| Dataset excerpts |
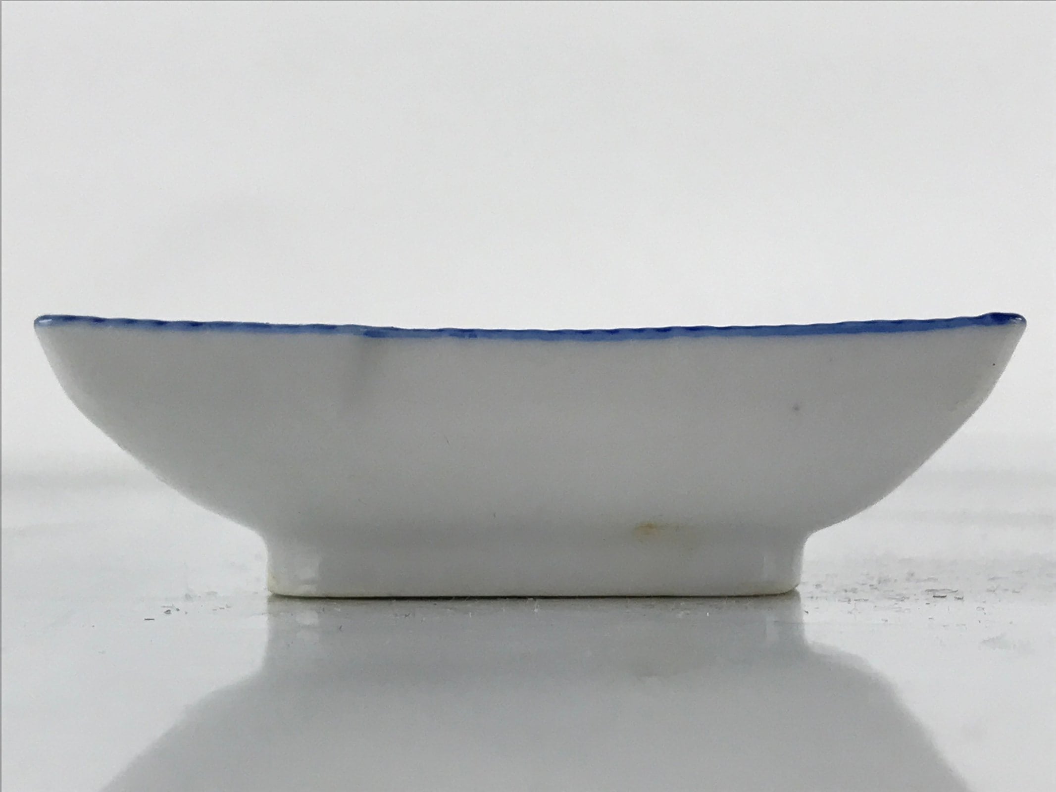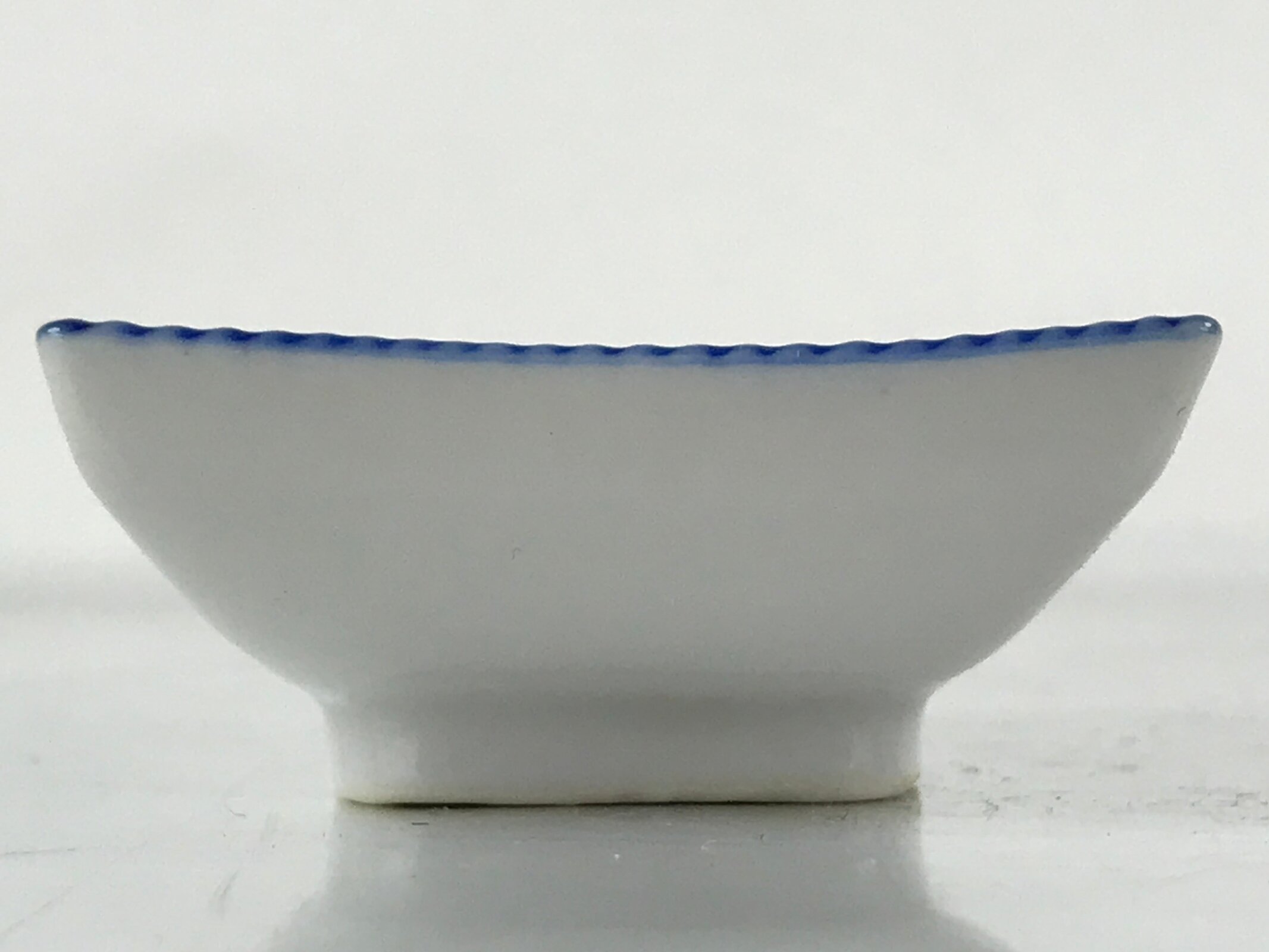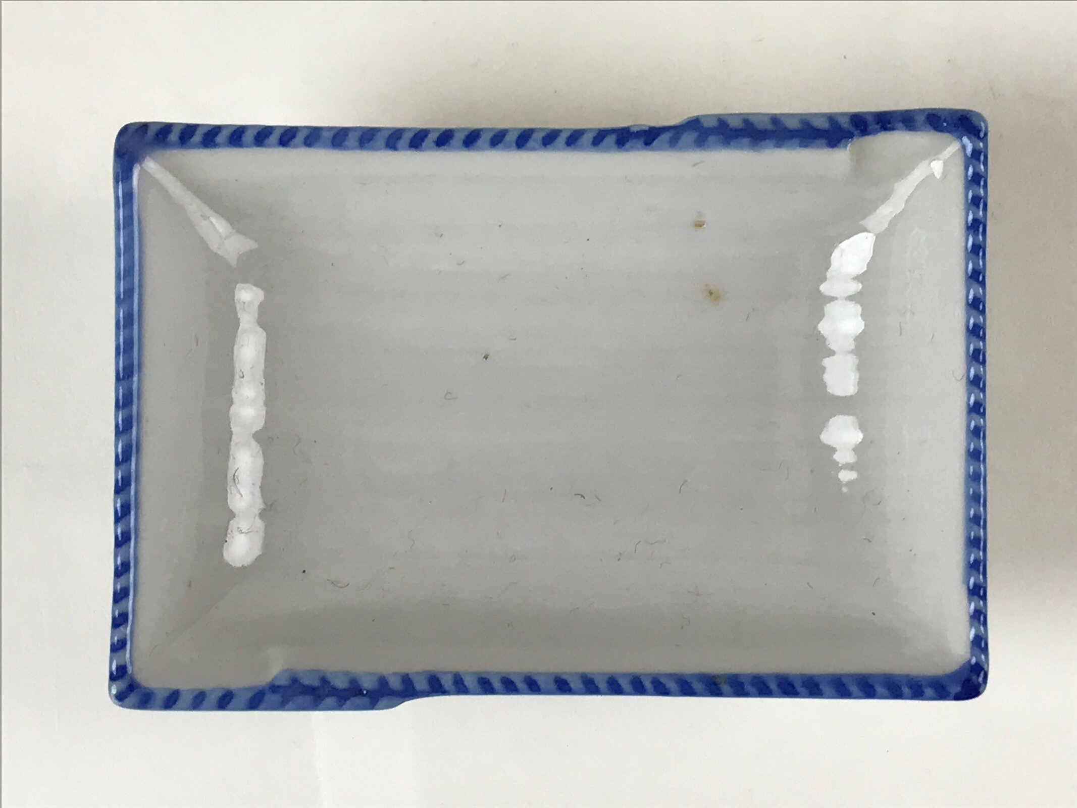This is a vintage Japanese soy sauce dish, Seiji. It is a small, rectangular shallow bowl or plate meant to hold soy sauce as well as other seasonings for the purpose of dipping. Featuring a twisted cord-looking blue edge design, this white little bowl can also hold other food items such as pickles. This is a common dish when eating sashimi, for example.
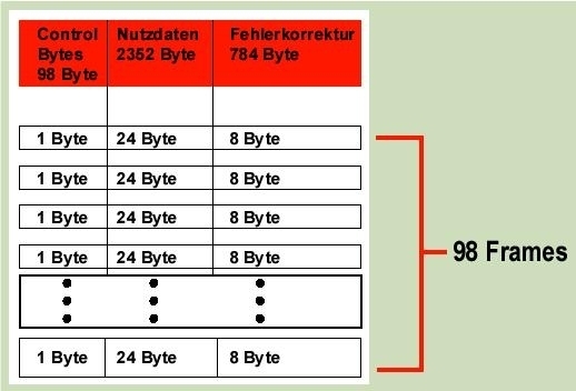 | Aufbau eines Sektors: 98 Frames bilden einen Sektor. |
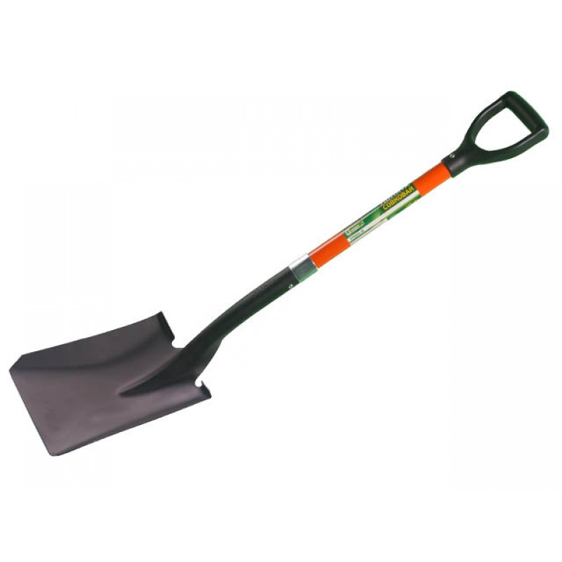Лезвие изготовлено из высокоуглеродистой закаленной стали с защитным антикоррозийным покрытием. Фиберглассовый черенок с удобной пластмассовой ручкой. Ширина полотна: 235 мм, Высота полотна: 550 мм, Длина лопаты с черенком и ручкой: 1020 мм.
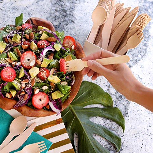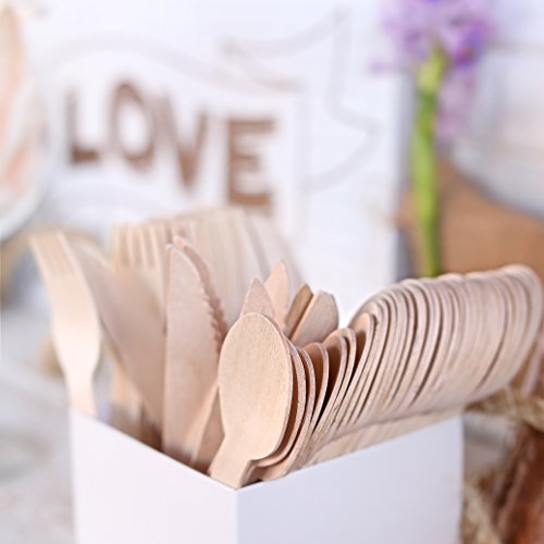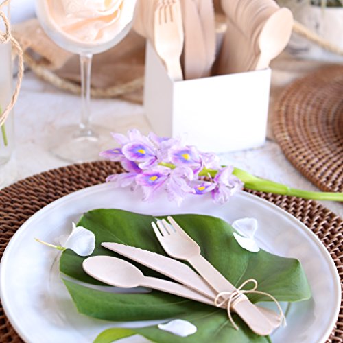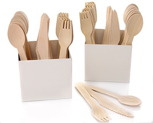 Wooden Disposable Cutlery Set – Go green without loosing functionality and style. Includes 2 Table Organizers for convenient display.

---

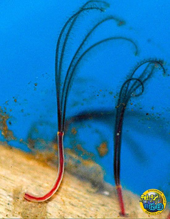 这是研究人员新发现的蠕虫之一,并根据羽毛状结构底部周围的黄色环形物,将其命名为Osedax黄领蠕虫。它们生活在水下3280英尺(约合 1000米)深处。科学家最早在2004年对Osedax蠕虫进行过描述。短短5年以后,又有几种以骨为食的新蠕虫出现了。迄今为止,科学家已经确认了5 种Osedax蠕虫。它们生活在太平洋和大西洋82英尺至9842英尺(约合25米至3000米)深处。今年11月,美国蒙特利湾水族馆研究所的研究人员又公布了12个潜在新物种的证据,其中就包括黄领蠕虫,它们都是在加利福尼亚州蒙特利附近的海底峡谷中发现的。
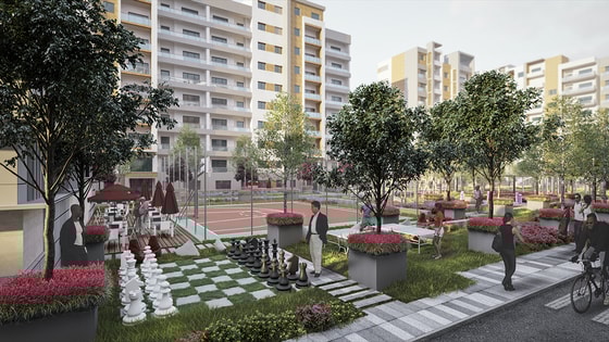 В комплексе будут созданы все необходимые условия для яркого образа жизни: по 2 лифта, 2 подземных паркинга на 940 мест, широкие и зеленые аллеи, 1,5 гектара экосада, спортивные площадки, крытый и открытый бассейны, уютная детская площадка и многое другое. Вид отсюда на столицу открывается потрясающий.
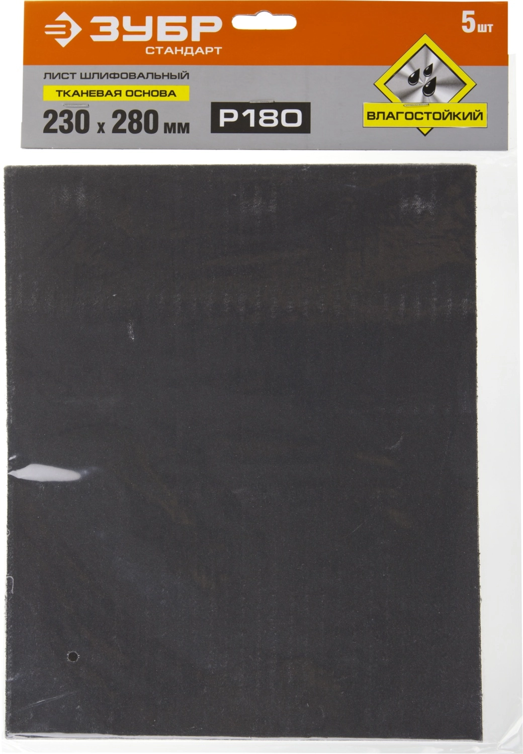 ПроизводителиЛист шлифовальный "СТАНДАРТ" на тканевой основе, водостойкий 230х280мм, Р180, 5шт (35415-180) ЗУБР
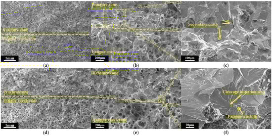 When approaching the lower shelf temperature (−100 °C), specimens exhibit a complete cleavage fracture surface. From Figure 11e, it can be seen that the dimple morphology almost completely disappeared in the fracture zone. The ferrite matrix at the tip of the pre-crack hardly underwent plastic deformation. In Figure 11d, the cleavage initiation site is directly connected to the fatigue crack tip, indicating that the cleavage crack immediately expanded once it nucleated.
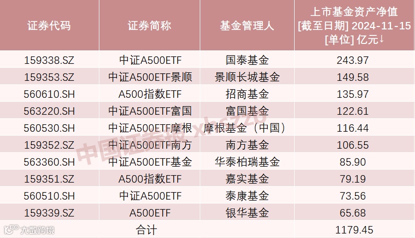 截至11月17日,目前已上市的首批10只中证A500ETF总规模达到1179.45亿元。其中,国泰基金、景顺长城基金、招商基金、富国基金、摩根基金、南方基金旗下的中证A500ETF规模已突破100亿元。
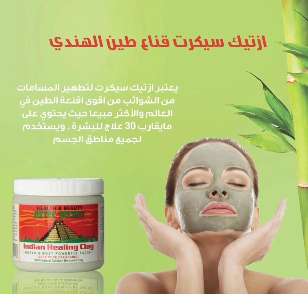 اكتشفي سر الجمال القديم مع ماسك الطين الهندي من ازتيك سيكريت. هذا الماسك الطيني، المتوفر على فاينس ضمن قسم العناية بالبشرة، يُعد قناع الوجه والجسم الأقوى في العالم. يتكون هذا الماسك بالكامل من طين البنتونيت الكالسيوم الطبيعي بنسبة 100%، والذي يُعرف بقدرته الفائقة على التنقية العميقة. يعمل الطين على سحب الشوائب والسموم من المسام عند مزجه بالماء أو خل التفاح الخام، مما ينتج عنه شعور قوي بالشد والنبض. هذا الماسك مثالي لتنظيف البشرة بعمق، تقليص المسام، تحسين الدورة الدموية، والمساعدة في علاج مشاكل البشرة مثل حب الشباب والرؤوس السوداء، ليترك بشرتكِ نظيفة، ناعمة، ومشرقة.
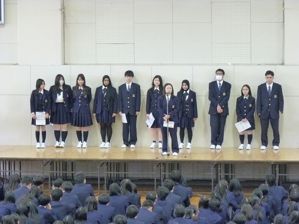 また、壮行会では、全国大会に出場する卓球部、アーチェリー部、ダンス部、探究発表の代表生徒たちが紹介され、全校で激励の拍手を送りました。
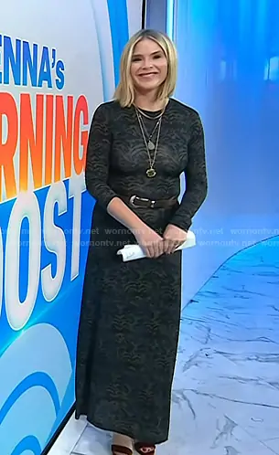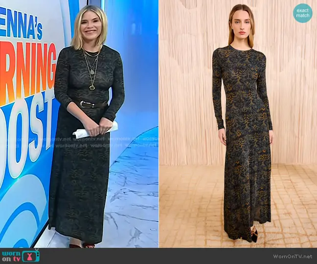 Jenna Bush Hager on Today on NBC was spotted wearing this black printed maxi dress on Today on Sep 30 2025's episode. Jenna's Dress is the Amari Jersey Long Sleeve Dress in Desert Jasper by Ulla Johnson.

| Directions for this task |
Each line between the one holding "This is a vintage" and the one holding "Wooden Disposable Cutlery", inclusive, should be copied exactly as it appears above, and pictures should be omitted.

| Exercise solution |
This is a vintage Japanese soy sauce dish, Seiji. It is a small, rectangular shallow bowl or plate meant to hold soy sauce as well as other seasonings for the purpose of dipping. Featuring a twisted cord-looking blue edge design, this white little bowl can also hold other food items such as pickles. This is a common dish when eating sashimi, for example.
 | Aufbau eines Sektors: 98 Frames bilden einen Sektor. |
Лезвие изготовлено из высокоуглеродистой закаленной стали с защитным антикоррозийным покрытием. Фиберглассовый черенок с удобной пластмассовой ручкой. Ширина полотна: 235 мм, Высота полотна: 550 мм, Длина лопаты с черенком и ручкой: 1020 мм.
 Wooden Disposable Cutlery Set – Go green without loosing functionality and style. Includes 2 Table Organizers for convenient display.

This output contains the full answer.